I am still a complete beginner, i’ve finished learning hiragana and katakana and i am level 3 in WK. I recently stumbled across a youtube video from a relatively small channel and he said that you need to immerse yourself in japanese for multiple hours a day to actually learn japanese because that’s also the way we acquire our native language as children. And i noticed that thats also the way i acquired english. I live in germany and we have english lessons since 3rd grade and back then i didn’t pay attention to the english classes at all, up until 5th grade. I learnt all the basic grammar and really basic vocabulary in school and i would watch many youtube videos in english every day. At first i could only understand the most important keywords and ignored the rest, but after 2 years or so i started understanding whole sentences just out of context and i acquired all the grammar in english that way. I always forget all the grammar rules in english, but that doesn’t really matter since i get most of the grammar correct anyways. And i wonder if i should approach japanese the same way. My plan is to go through genki 1 and maybe 2 and learn a bit of vocab and kanji with WK and then just immerse myself by reading manga and playing videogames in japanese and hopefully at the end acquire all this japanese vocab passively. Does that sound like a good plan?

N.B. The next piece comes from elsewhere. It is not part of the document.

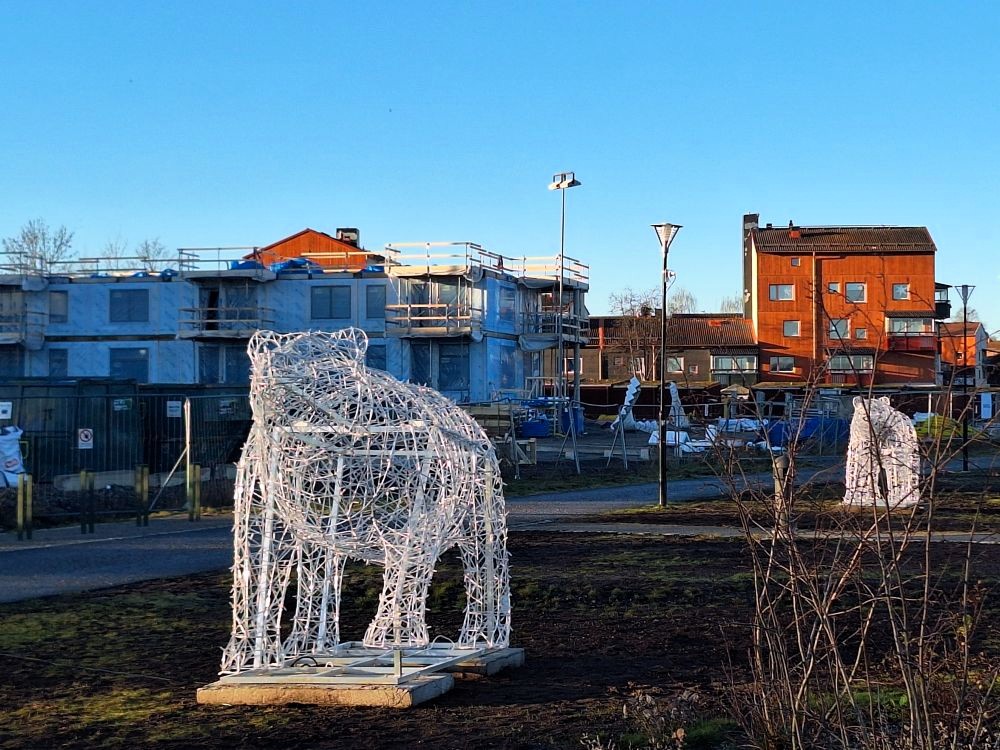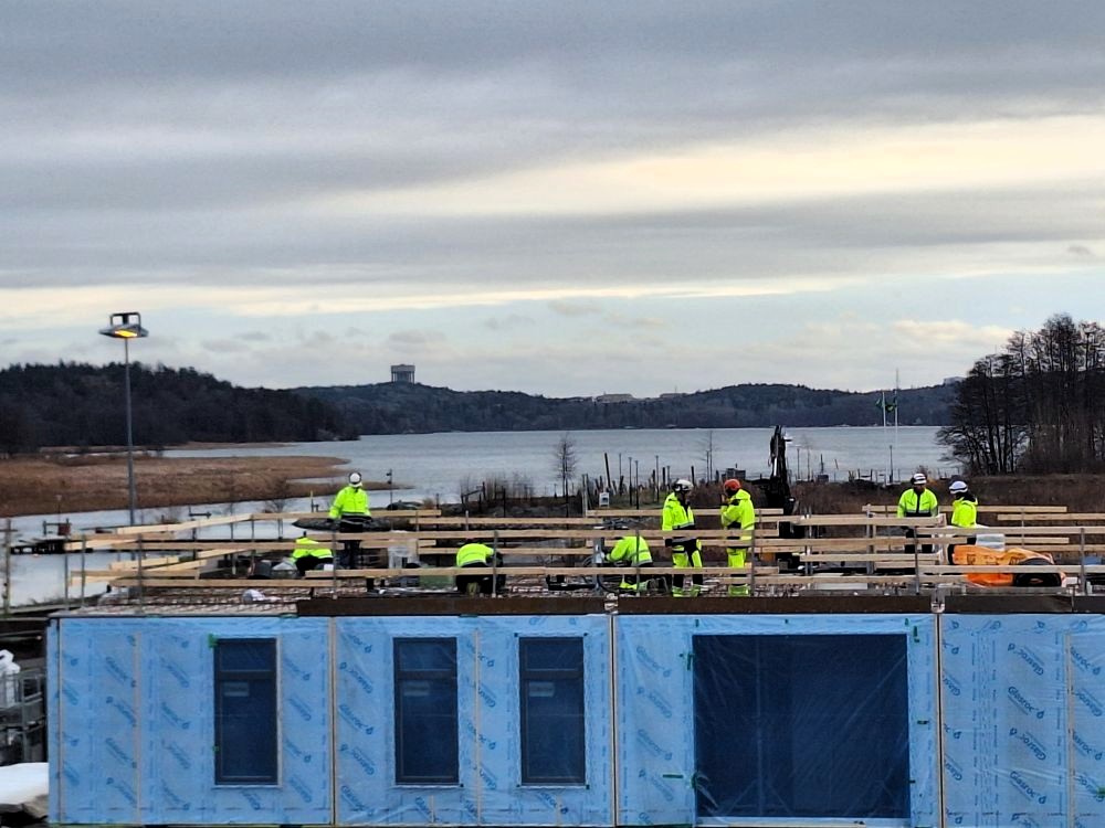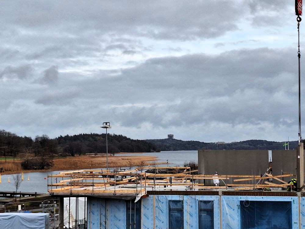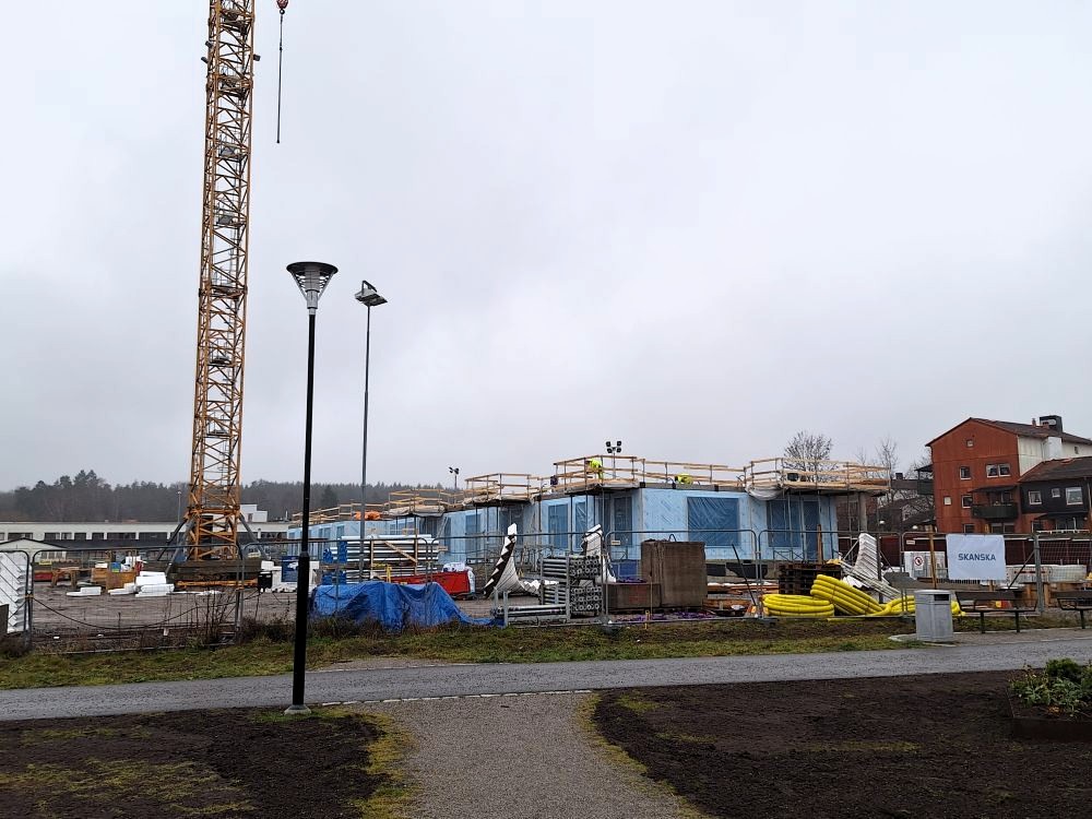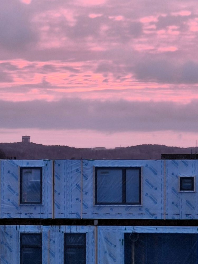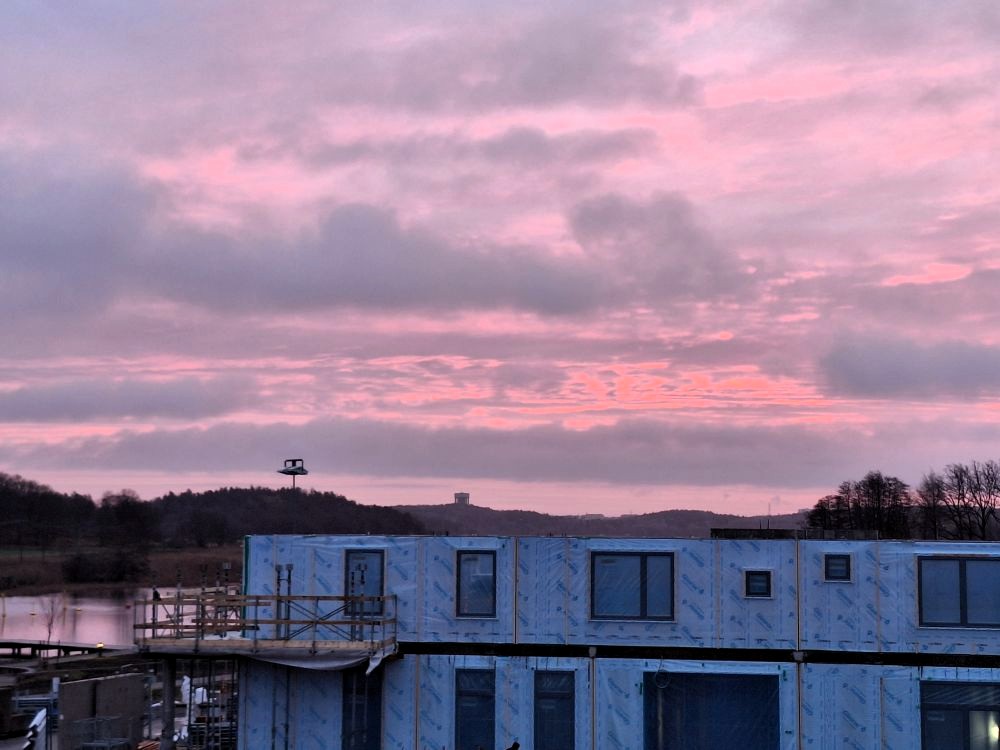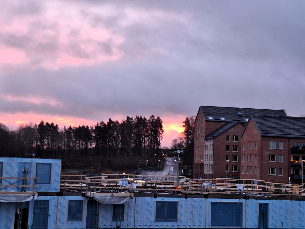 Morgonhimmel över bygget på kvarteret Idyllen: Jungmansgränd och Styrmansgränd

That’s indeed how most people do immersion. It does work, though learning vocabulary on the side would speed up the process a lot, just because that’s a much more intensive study method.

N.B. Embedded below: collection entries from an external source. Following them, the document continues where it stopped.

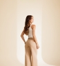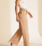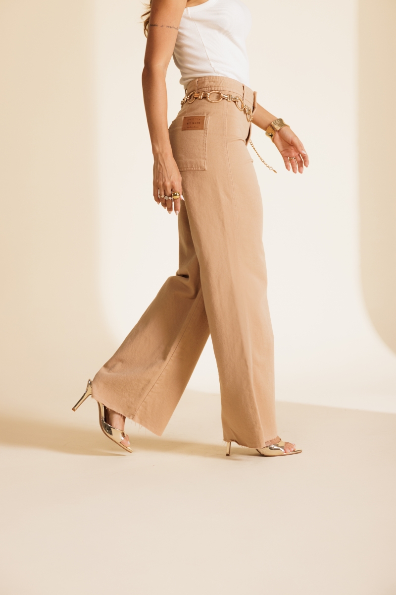 Calça jeans caqui de modelagem reta, com bolso traseiro quadrado e barra desfiada. Versátil e fácil de compor com diferentes estilos.
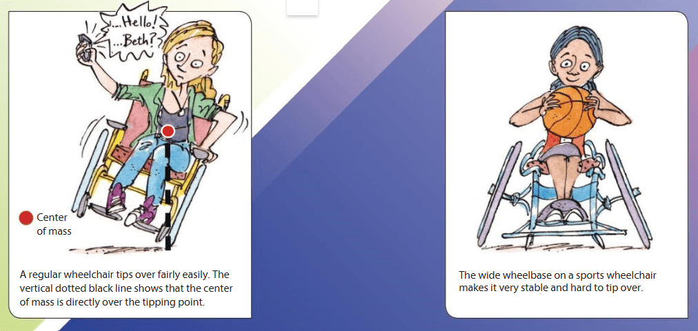 What is reread the section, look at the text features (like pictures), and use the explanation that angled wheels make it harder to tip over.
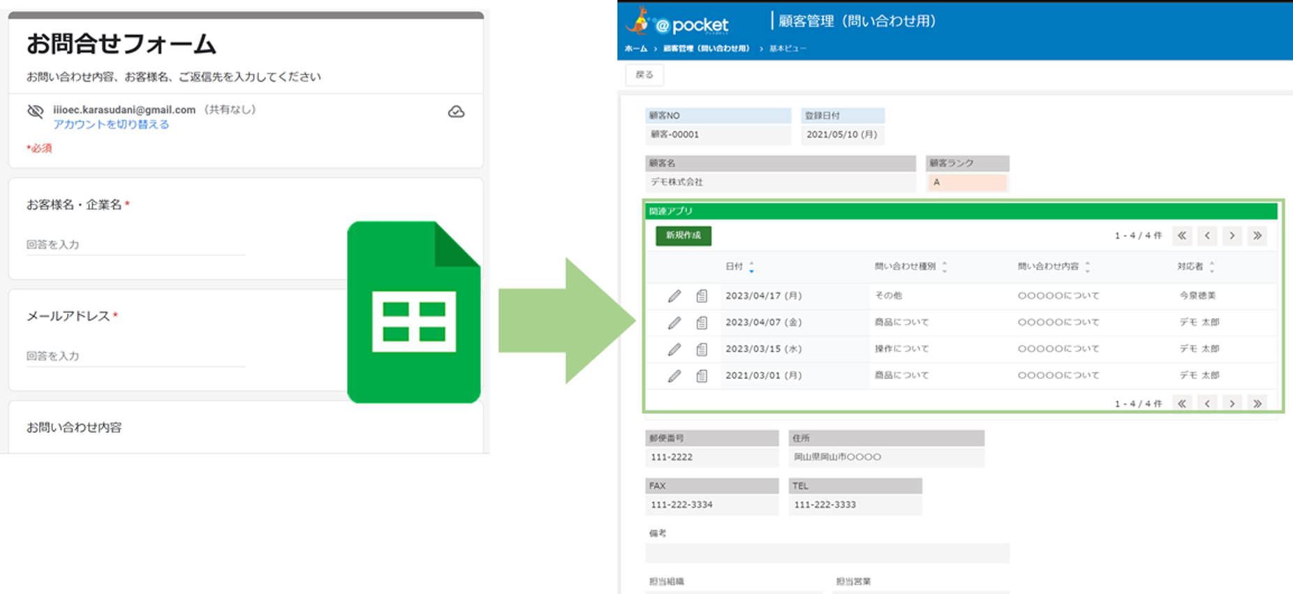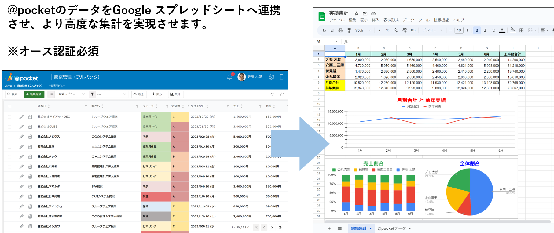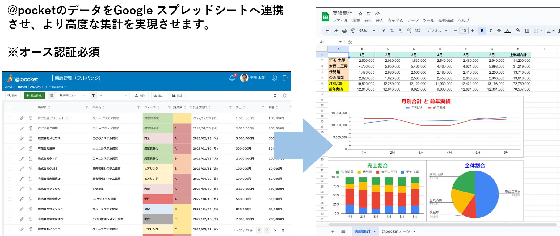 Google スプレッドシート内の任意のシートのデータと@pocketのアプリデータを連携可能です。
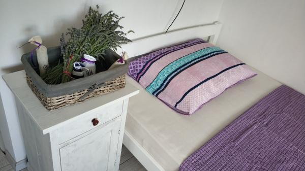 Turistskat er inkluderet i prisen. Dokumentation for reservationsbekræftelse ved reservationHuset er unikt i sin arkitektur, i naturen er det en meget gammel stenvilla med ovenlys på taget, en veranda dekoreret med stenhvælvinger og en terrasse, og foran hvilken der er en gårdhave prydet med et smukt lille stenhus, hvor der er en skorsten med grill og ovn, og massive træbænke og et bord, og dermed skabe et sommerkøkken til exceptionelle gourmetsammenkomster og oplevelser af det lokale traditionelle køkken, med hjemmelavet vin og brandy til rådighed for gæsterne. Foran indgangen til lejlighederne på 1. sal er der en stor terrasse (loggia) med et rum, hvor man kan nyde en kop te, kaffe eller et glas vin. Rygning er også tilladt her. En stor terrasse med træbænke og et bord i gården ved siden af sommerkøkkenet og en solbruser er til rådighed for gæsterne. På loftet er der på 2. sal en stor og rummelig lejlighed med stor stue hvorfra der er udgang til rummelig altan, samt to separate værelser med hvert sit badeværelse. Det ene værelse har en dobbeltseng 200x160 og det andet har to senge.
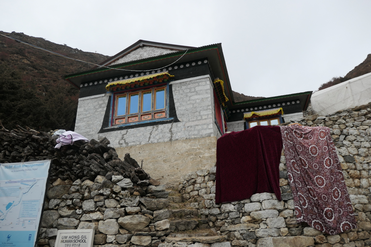 Zurück im Teahouse geniesst Miri eine Nudelspuppe und Tim eine Eiersuppe. Am Nebentisch sitzt ein Ostdeutsches Pärchen welche eigentlich die 3 berühmten Mountain Pässe machen wollten. Auf dem Weg nach Gokyo (4750m) mussten sie allerdings umdrehen, da die Frau sehr schwere Komplikationen mit der Höhenkrankheit hatte. Sie haben sich aus diesem Grund von ihrer Gruppe getrennt und machen nun mit einem der Träger eine Wanderung mit verschiedenen tiefer gelegenen Zielen. Ihre Ausführungen machen uns ein wenig Sorgen. Sie erzählen uns auch von den ständigen Toiletten-Gängen in der Nacht, was wir noch nicht ganz so stark nachvollziehen können…erst einen Tag später werden wir das auch noch stärker zu spüren bekommen.
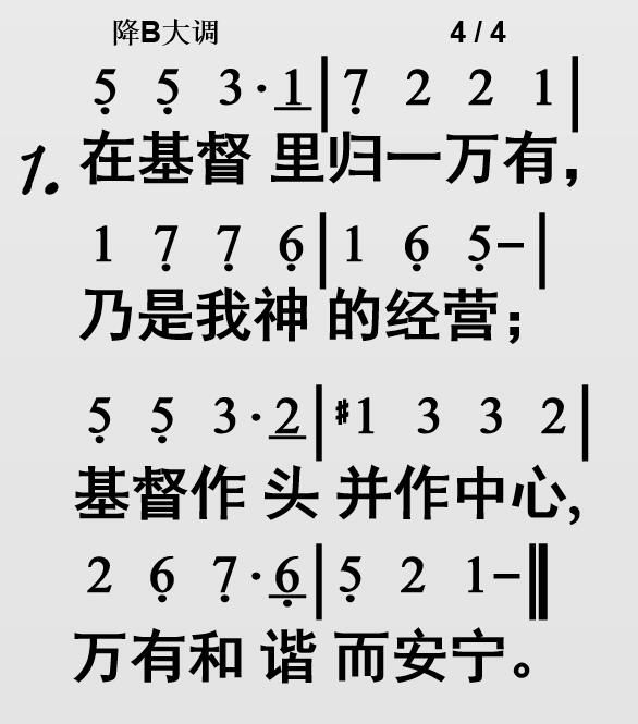 在基督里归一万有,乃是我神的经营;基督作头并作中心,万有和谐而安宁。

I wouldn’t personally recommend starting with games. Unless you pick up a visual novel, they might just be pretty light on text, and even with visual novels, looking up words is way more involved. Instead just sticking to manga for a while and adding anime/youtube a bit later on would probably be a less frustrating experience.
Do you have any idea when i should start immersing myself and read light novels and manga? And is the WaniKani vocabulary sufficient for that?
As early as possible is the best. At least you certainly shouldn’t wait until you finish WaniKani to do so. If you know fewer words and/or fewer grammar patterns, obviously it will be harder, but it will always be quite painful to start.
You can try joining the Absolute Beginner Book Club. The next book starts in early September, which isn’t very far, but could try it.
If starting from the very beginning and wanting to use reading as the main path of immersion, take a look at the “tadoku” method of reading. The site linked below explains the method.
Also, under the Materials section of the navigation menu there’s a link to free online materials. You can start at level 0 even only having learned hirgana and katakana. The kanji builds up as the level increases.
Mhmm, looks interesting. But i think that i should at least build up some basic grammar knowledge first
Well, a good way to immerse in language is to start listening to podcasts. I highly recommend
I also second @potatonaught さん’s recommendation of tadoku.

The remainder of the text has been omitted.